- INSTRUCTIONS TO FOLLOW -
Write out every entry precisely as given, leaving the pictures out.

- MATERIAL FOR THIS EXERCISE -

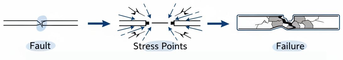 * **Fault vs. Failure (Safety Engineering)** : The essay borrows from safety-critical systems terminology (ISO 26262, DO-178C). A fault is an abnormal condition (a latent defect), while a failure is the observable malfunction. Faults cause errors; errors cause failures. The analogy: the fault is organizational (no secure tools), the failure is operational (data leak).
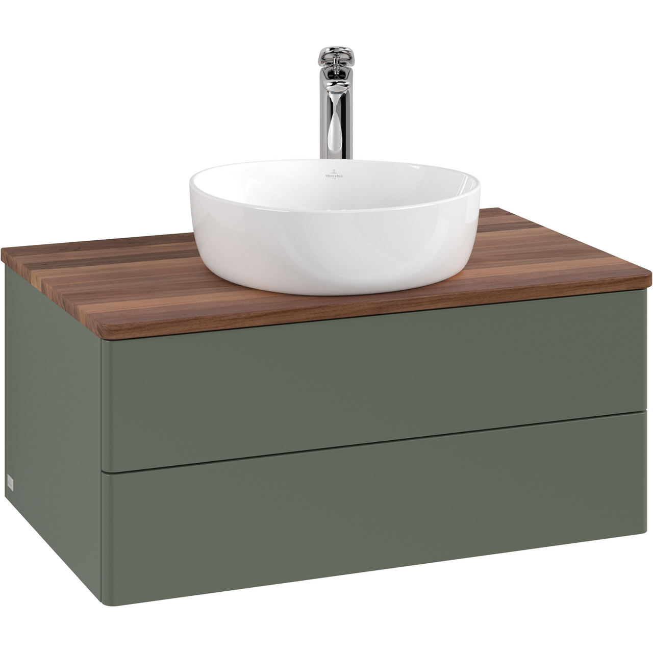 V&b antao servantskap 2 skuffer glatt 800x360x500 m/kranhull m/lys grønn/valnøtt
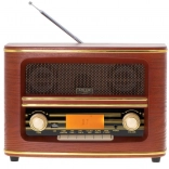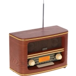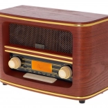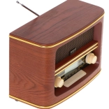 Elegantna lesena izvedba s kovinskimi elementi in preglednim zaslonom ustvarja vtis pravega retro aparata, hkrati pa ponuja čist in močan zvok.
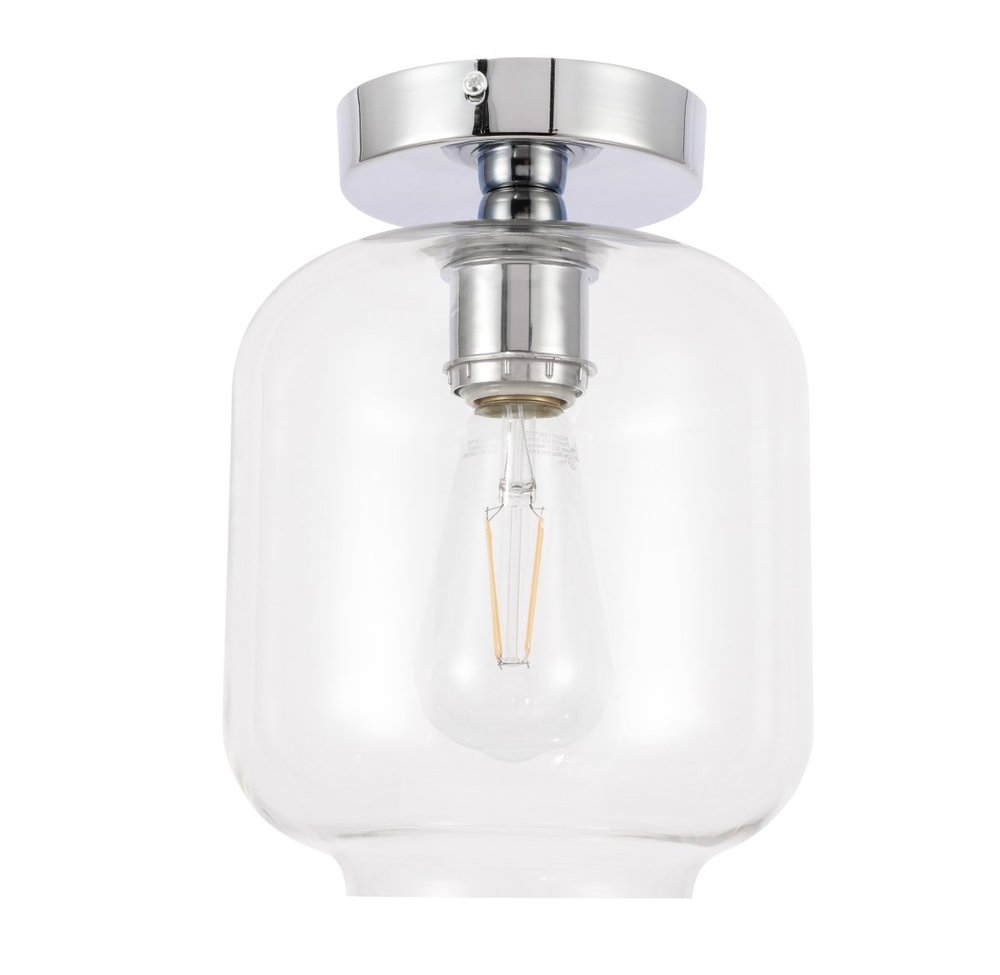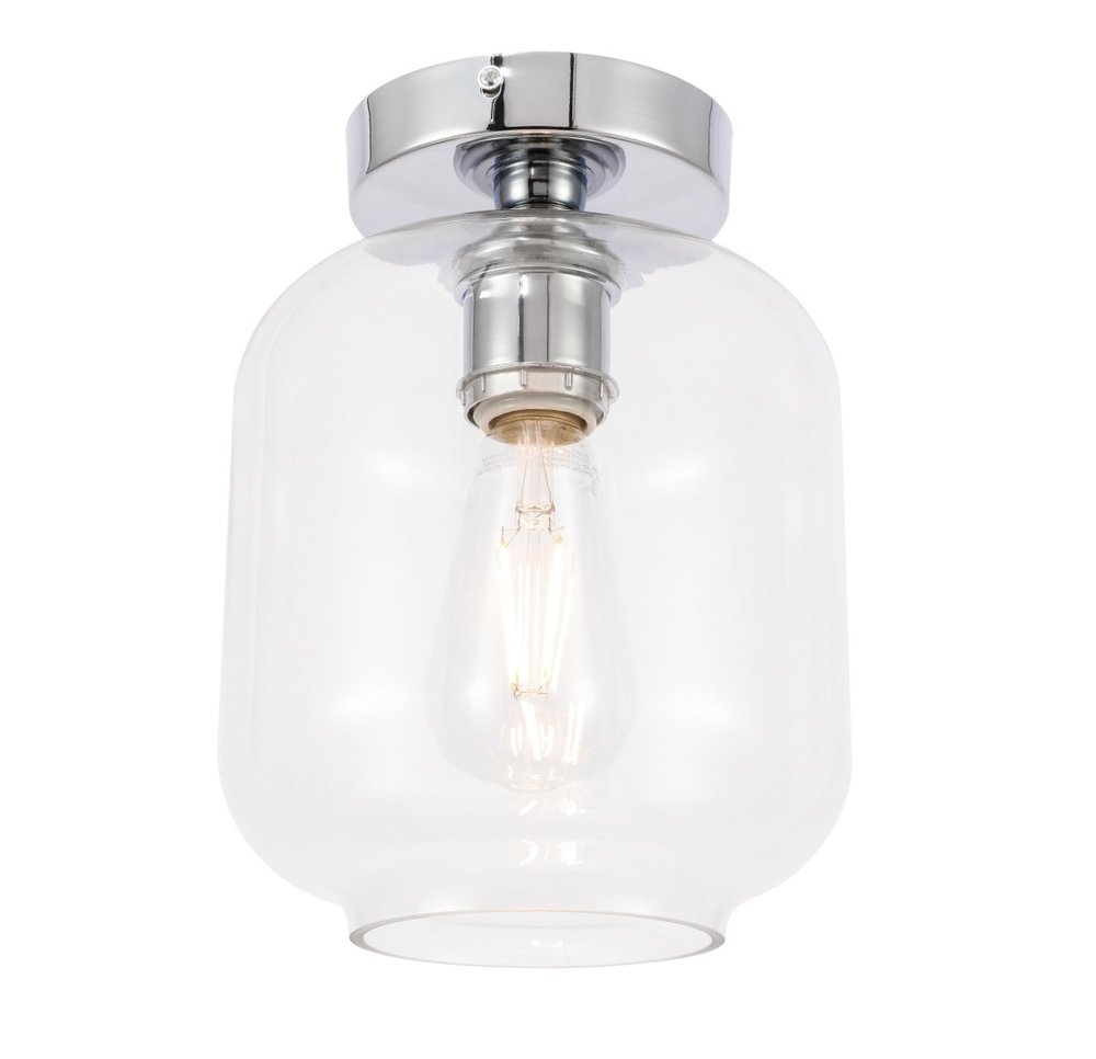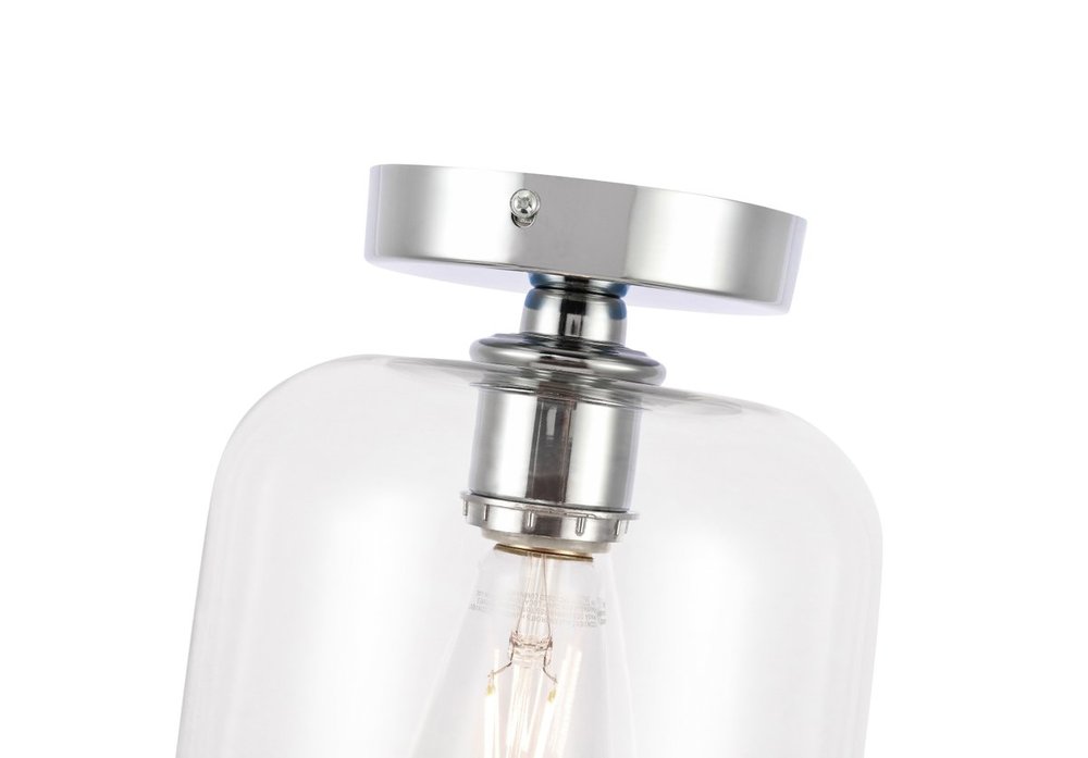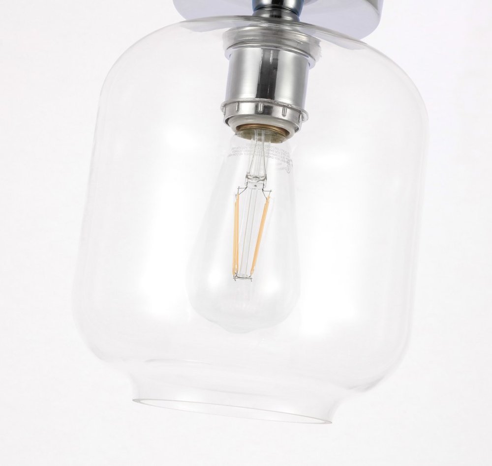 The Collier Collection of lights will be sure to have your guests admire your modern sense of style with the beautiful simplicity of its shape and form. This flush mount allows brilliant illumination to shine and radiate, allowing for your room to be center stage, and despite its minimalism, its design is far from boring--available in a brass, chrome, or black finish, with either a clear or frosted cylinder glass shade. The sleek organic curves of the mount and the cylinder that encapsulates the bulb will enhance your bathroom, foyer, or hallways, allowing for you to always live a chic and fashionable lifestyle, no matter where you are (light bulbs not included).
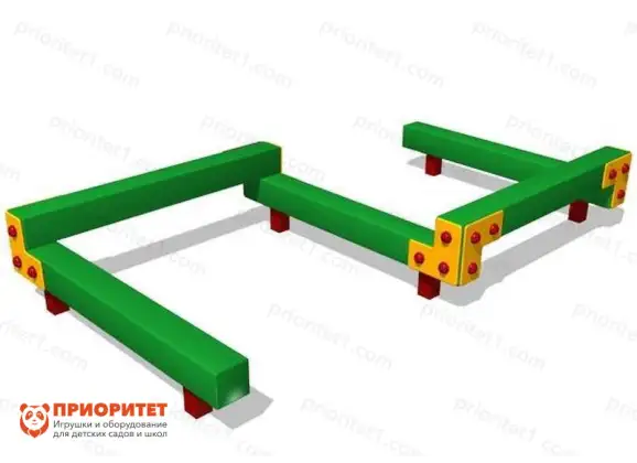 - Предмет собирается из фанеры, бруса и профильной трубы (сечение 60*60*2 мм). Гладкость обеспечена наличием шлифовки на всей поверхности. Предмет используется детьми любых возрастов и безопасен для их нежной и тонкой кожи.
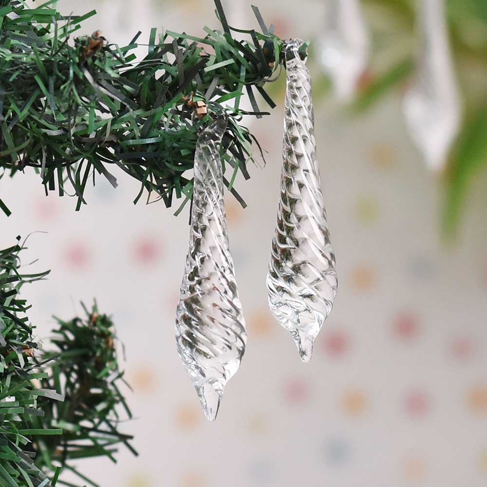 The Clear Crystal Glass Twisted Icicles create a magical and elegant ambiance in your home. Their shimmering appearance, especially when illuminated by Christmas lights, adds a dazzling sparkle to your festive setup, bringing a sense of winter wonderland into your space.
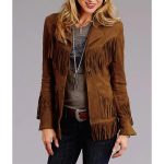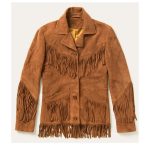 Immerse yourself in a symphony of fashion exuberance offered by FDwears, the Suede leather fringe jacket womens. Expertly sculpted from lavish suede leather, it unveils a commanding brown color that emanates an air of unparalleled uniqueness. The shirt-style collar and iconic buttoned closure intertwine in seamless harmony, presenting a fusion of style and self-confidence. Its distinctive design stands as a bold proclamation, making it a prime choice for spirited gatherings with friends.

- TASK OUTPUT -
 * **Fault vs. Failure (Safety Engineering)** : The essay borrows from safety-critical systems terminology (ISO 26262, DO-178C). A fault is an abnormal condition (a latent defect), while a failure is the observable malfunction. Faults cause errors; errors cause failures. The analogy: the fault is organizational (no secure tools), the failure is operational (data leak).
 V&b antao servantskap 2 skuffer glatt 800x360x500 m/kranhull m/lys grønn/valnøtt
 Elegantna lesena izvedba s kovinskimi elementi in preglednim zaslonom ustvarja vtis pravega retro aparata, hkrati pa ponuja čist in močan zvok.
 The Collier Collection of lights will be sure to have your guests admire your modern sense of style with the beautiful simplicity of its shape and form. This flush mount allows brilliant illumination to shine and radiate, allowing for your room to be center stage, and despite its minimalism, its design is far from boring--available in a brass, chrome, or black finish, with either a clear or frosted cylinder glass shade. The sleek organic curves of the mount and the cylinder that encapsulates the bulb will enhance your bathroom, foyer, or hallways, allowing for you to always live a chic and fashionable lifestyle, no matter where you are (light bulbs not included).
 - Предмет собирается из фанеры, бруса и профильной трубы (сечение 60*60*2 мм). Гладкость обеспечена наличием шлифовки на всей поверхности. Предмет используется детьми любых возрастов и безопасен для их нежной и тонкой кожи.
 The Clear Crystal Glass Twisted Icicles create a magical and elegant ambiance in your home. Their shimmering appearance, especially when illuminated by Christmas lights, adds a dazzling sparkle to your festive setup, bringing a sense of winter wonderland into your space.
 Immerse yourself in a symphony of fashion exuberance offered by FDwears, the Suede leather fringe jacket womens. Expertly sculpted from lavish suede leather, it unveils a commanding brown color that emanates an air of unparalleled uniqueness. The shirt-style collar and iconic buttoned closure intertwine in seamless harmony, presenting a fusion of style and self-confidence. Its distinctive design stands as a bold proclamation, making it a prime choice for spirited gatherings with friends.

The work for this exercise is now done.